Transcribe the entries below exactly; leave every image out.

*** Opening INPUT ***

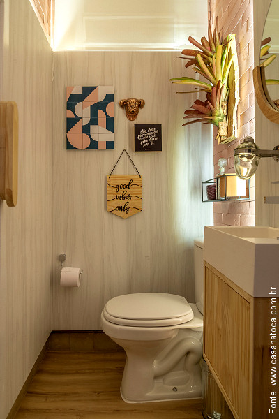 Um primeiro visual do “Espaço da Família” e “Banheiro Público” de Elise e Evelyn Drummond na mostra “Casa NaToca“. Repare nosso “Brique Lisser” no tom “Rosé” na parede da casinha do canto de leitura, ao fundo.
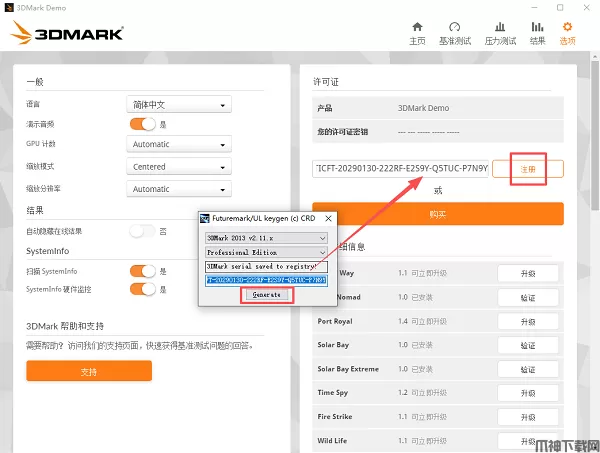 PS:Futuremark 3DMark专业版,内置激活文件可解锁完整功能,专业版提供命令行自动化、图像质量分析工具等高级功能!
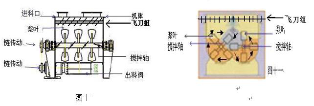 性能特點:減速機帶動雙軸的旋轉(zhuǎn)速度與槳葉的結(jié)構(gòu)會使物料重力減弱 ,隨著重力的消失,各物料存在顆粒大小、比重懸殊的差異在混合過程中消失。激烈的攪拌運動縮短了一次混合的時間,更快速,更高效.(圖十)。
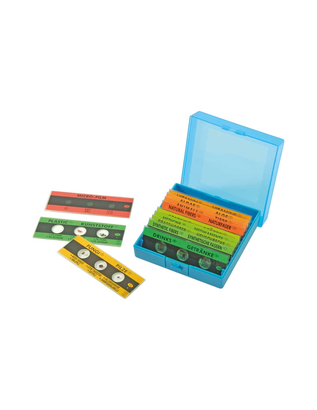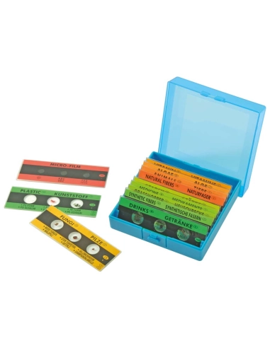 Coupes de microscope déjà prêtes. Les enfants découvrent différents spécimens. Lot 36 préparations variées disposées par 3 sur 12 lamelles (coupes) à utiliser avec un microscope. Les spécimens comprennent une variété comme?; boissons, plastique, fibres synthétiques, sauterelle, amidon, microfilm, fibres naturelles, animales, algues, vitamines et champignons. Le tout dans une boîte de rangement.
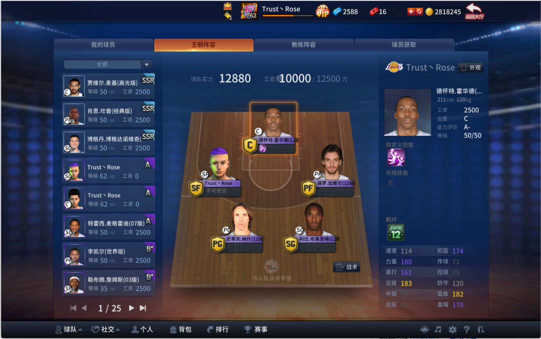 装备描述:【温罄提示】 1.第一次登录不上去,别撤单,选择号主协助上号; 2.请租客不要动账号里的任何物品!号内部分球员未突破,请勿自行升级突破,建议勿租!! 3.如各位租客使用第三方软件开挂、对账号里的球员和技能分解,将联合租号玩平台和网警对租客进行一查到底,租号玩平台随时监测。最后祝各位老板玩的开心!!!
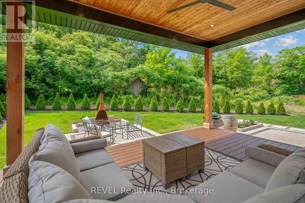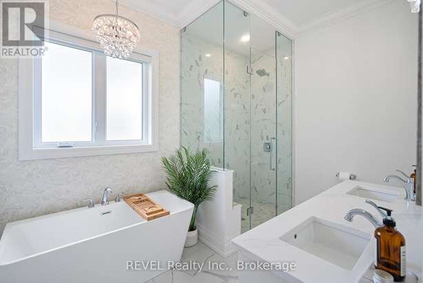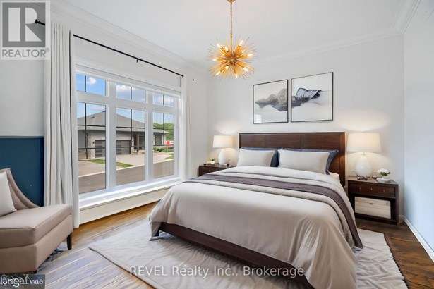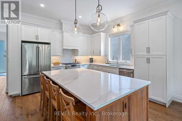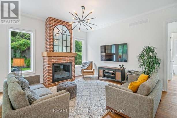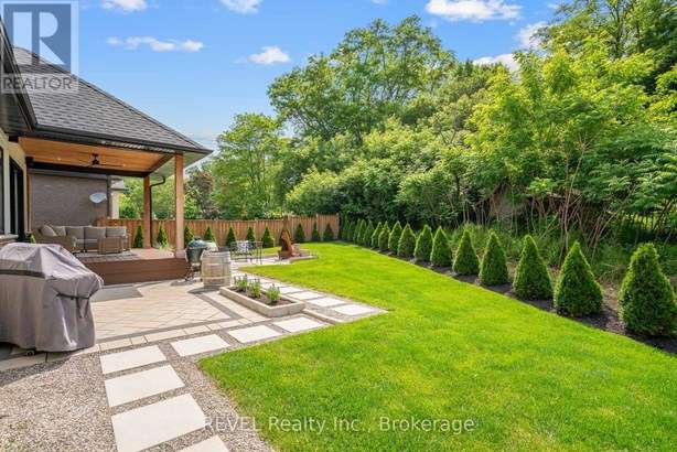 Welcome home to this stunning designer bungalow located in the beautiful wine country of Niagara-on-the-Lake; in the quaint town of St David's. This beautiful bungalow, built in 2021, offers 1644 square feet of main floor living space with 3 bedrooms and 3 bathrooms. The main floor features a spacious open concept layout with 10' ceilings and 8' doors. The designer kitchen includes an oversized walnut island with wine fridge and built-in microwave, gas range/oven with matching stainless steel appliances included. The main floor primary bathroom boasts heated floors, double sinks, a soaking tub, and a spacious glass shower. The finished basement includes a rec room with fireplace and wet bar, guest bedroom, and full bathroom, providing additional living space for your family and guests. This home is situated in a convenient location close to many wineries, and the shops and restaurants in downtown Niagara-on-the-Lake. Close to the USA Queenston border, Niagara Falls New York Airport, Buffalo Airport, QEW. There are also many great shopping options nearby, as well as private schools, golf courses, and an indoor tennis and squash club just minutes away. The garage is equipped with an outlet for EV car charging, perfect for eco-conscious homeowners. The backyard is a private oasis with a covered porch featuring a fan to stay cool in the summer months, speakers to enjoy your favourite music, and a natural gas line for outdoor cooking as well as a cozy seating area with fire pit. Live in a great community perfect for retirees, families, and anyone looking to make new friends. Make this your new dream home in wine country Niagara-on-the-Lake

*** Closing INPUT ***

== ANSWER FOR THE TASK ==
 Um primeiro visual do “Espaço da Família” e “Banheiro Público” de Elise e Evelyn Drummond na mostra “Casa NaToca“. Repare nosso “Brique Lisser” no tom “Rosé” na parede da casinha do canto de leitura, ao fundo.
 PS:Futuremark 3DMark专业版,内置激活文件可解锁完整功能,专业版提供命令行自动化、图像质量分析工具等高级功能!
 性能特點:減速機帶動雙軸的旋轉(zhuǎn)速度與槳葉的結(jié)構(gòu)會使物料重力減弱 ,隨著重力的消失,各物料存在顆粒大小、比重懸殊的差異在混合過程中消失。激烈的攪拌運動縮短了一次混合的時間,更快速,更高效.(圖十)。
 Coupes de microscope déjà prêtes. Les enfants découvrent différents spécimens. Lot 36 préparations variées disposées par 3 sur 12 lamelles (coupes) à utiliser avec un microscope. Les spécimens comprennent une variété comme?; boissons, plastique, fibres synthétiques, sauterelle, amidon, microfilm, fibres naturelles, animales, algues, vitamines et champignons. Le tout dans une boîte de rangement.
 装备描述:【温罄提示】 1.第一次登录不上去,别撤单,选择号主协助上号; 2.请租客不要动账号里的任何物品!号内部分球员未突破,请勿自行升级突破,建议勿租!! 3.如各位租客使用第三方软件开挂、对账号里的球员和技能分解,将联合租号玩平台和网警对租客进行一查到底,租号玩平台随时监测。最后祝各位老板玩的开心!!!
 Welcome home to this stunning designer bungalow located in the beautiful wine country of Niagara-on-the-Lake; in the quaint town of St David's. This beautiful bungalow, built in 2021, offers 1644 square feet of main floor living space with 3 bedrooms and 3 bathrooms. The main floor features a spacious open concept layout with 10' ceilings and 8' doors. The designer kitchen includes an oversized walnut island with wine fridge and built-in microwave, gas range/oven with matching stainless steel appliances included. The main floor primary bathroom boasts heated floors, double sinks, a soaking tub, and a spacious glass shower. The finished basement includes a rec room with fireplace and wet bar, guest bedroom, and full bathroom, providing additional living space for your family and guests. This home is situated in a convenient location close to many wineries, and the shops and restaurants in downtown Niagara-on-the-Lake. Close to the USA Queenston border, Niagara Falls New York Airport, Buffalo Airport, QEW. There are also many great shopping options nearby, as well as private schools, golf courses, and an indoor tennis and squash club just minutes away. The garage is equipped with an outlet for EV car charging, perfect for eco-conscious homeowners. The backyard is a private oasis with a covered porch featuring a fan to stay cool in the summer months, speakers to enjoy your favourite music, and a natural gas line for outdoor cooking as well as a cozy seating area with fire pit. Live in a great community perfect for retirees, families, and anyone looking to make new friends. Make this your new dream home in wine country Niagara-on-the-Lake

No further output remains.